As Lawmakers Review Occupational Licenses, The Buckeye Institute Identifies 63 Licenses Ohio Should Eliminate or ReformNov 09, 2021
Columbus, OH – As the Ohio House State and Local Government Committee continues its review of Ohio occupational licenses, The Buckeye Institute issued a new policy brief, Opening Doors II: Occupational Licensing Reform in Ohio After Senate Bill 255, where it identified 63 licenses that the state should eliminate or reform to make Ohio more economically competitive and make it easier for people to earn a living.
“Ohio continues to address its bureaucratic and frequently arbitrary system of occupational licensing requirements that burden workers, job seekers, households, and employers,” said Greg R. Lawson, a research fellow at The Buckeye Institute and author of Opening Doors II. “To assist lawmakers in their work, The Buckeye Institute has examined the same licenses being reviewed by the Ohio House and has identified 63 licenses that should be eliminated or reformed to make Ohio more economically competitive and to end the ‘permission-slip’ policies that make it difficult for people to earn a living.”

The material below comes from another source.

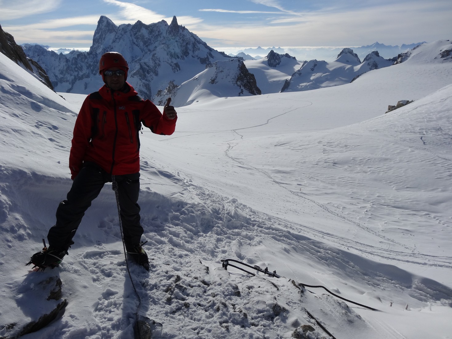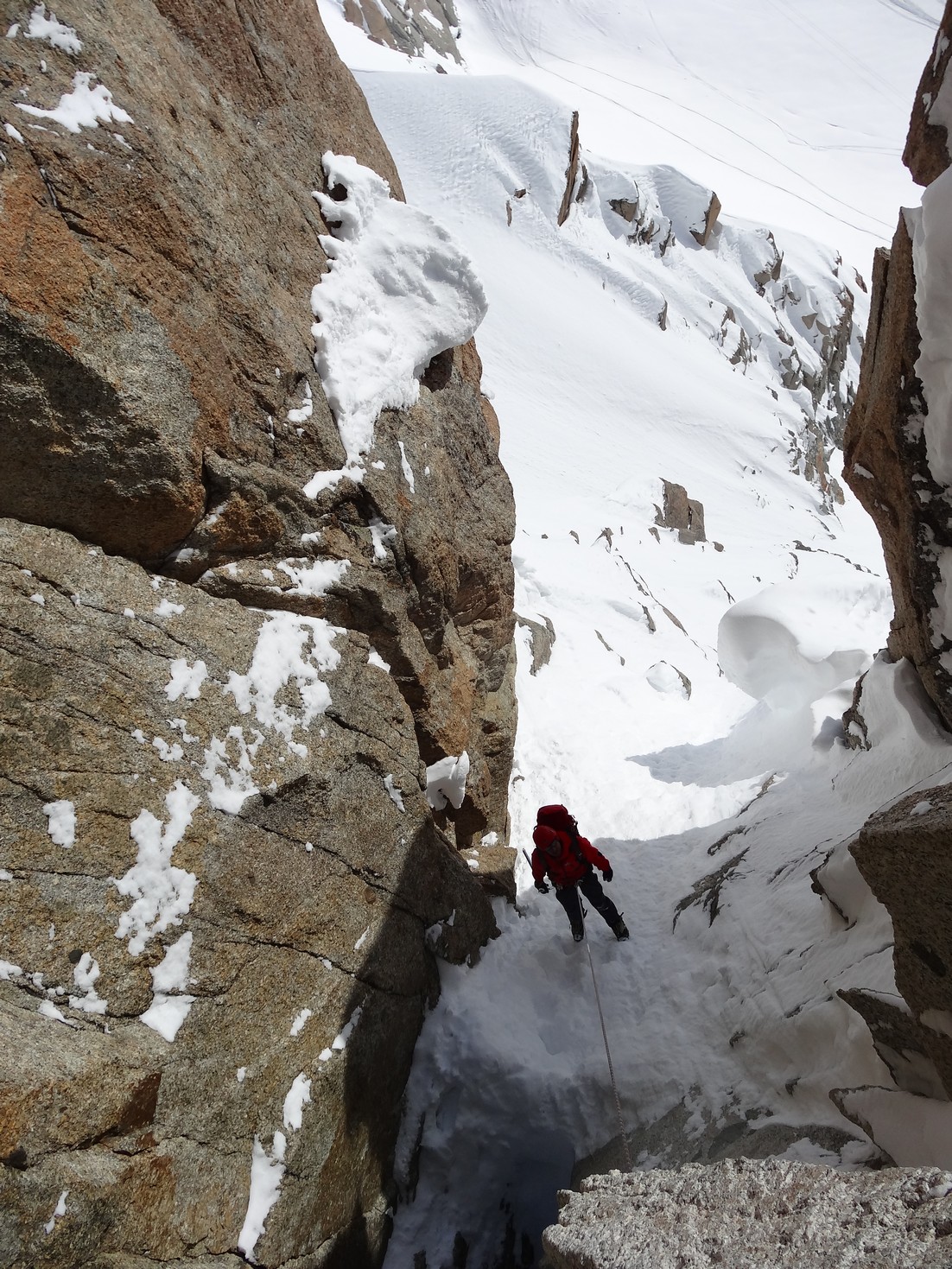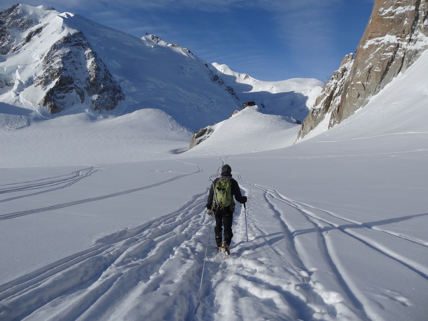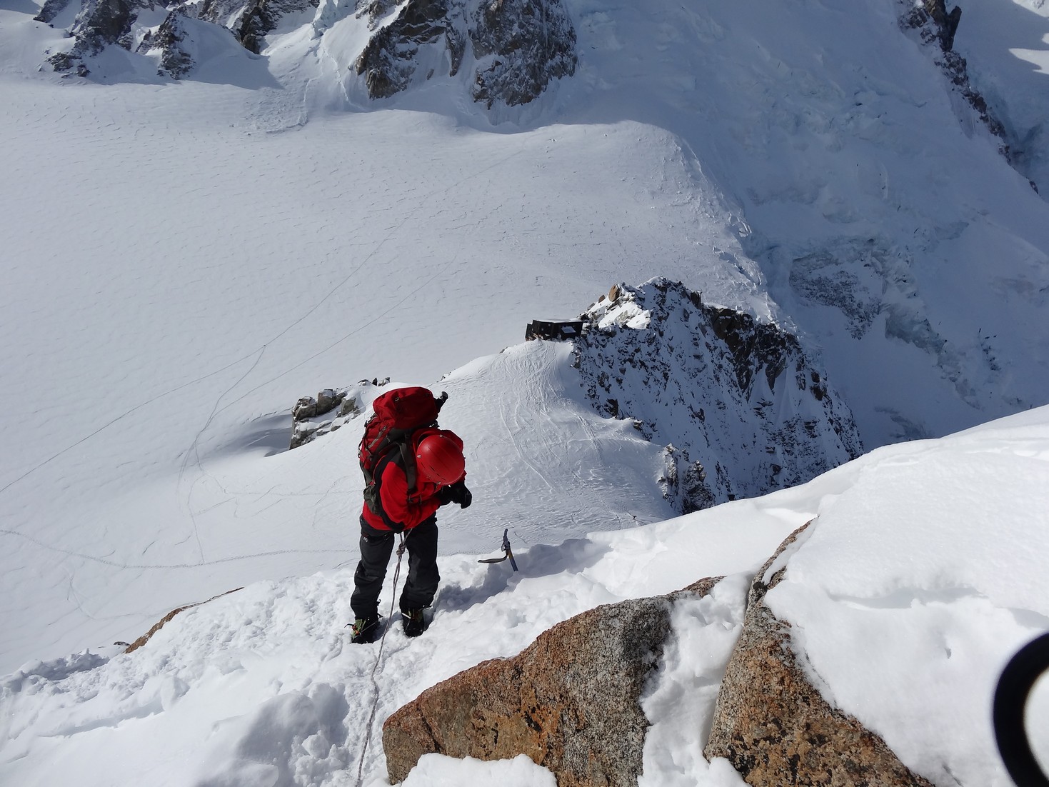 Llegaremos hasta el teleférico de l’Aiguille du Midi, y accedemos por el pasaje para alpinistas hacia la vía. El primer tramo en el que contorneamos la arista por delante bajando desde la Aiguille du Midi, pasamos por encima del glaciar, que tiene un grosor de 600 metros, es importante pasar este tramo en cordada.

In its review of the same licenses that are currently being reviewed by the Ohio House State and Local Government Committee, The Buckeye Institute identified 40 license or certification requirements that should be eliminated (see list below) and another 23 requirements (see policy brief for list) that should be modified to align them with requirements imposed in neighboring states—Indiana, Kentucky, Michigan, Pennsylvania, and West Virginia.
This review is required under the Buckeye-championed policies in Senate Bill 255, which, among other things, requires all licensing boards be renewed at least once every six years or they will automatically expire.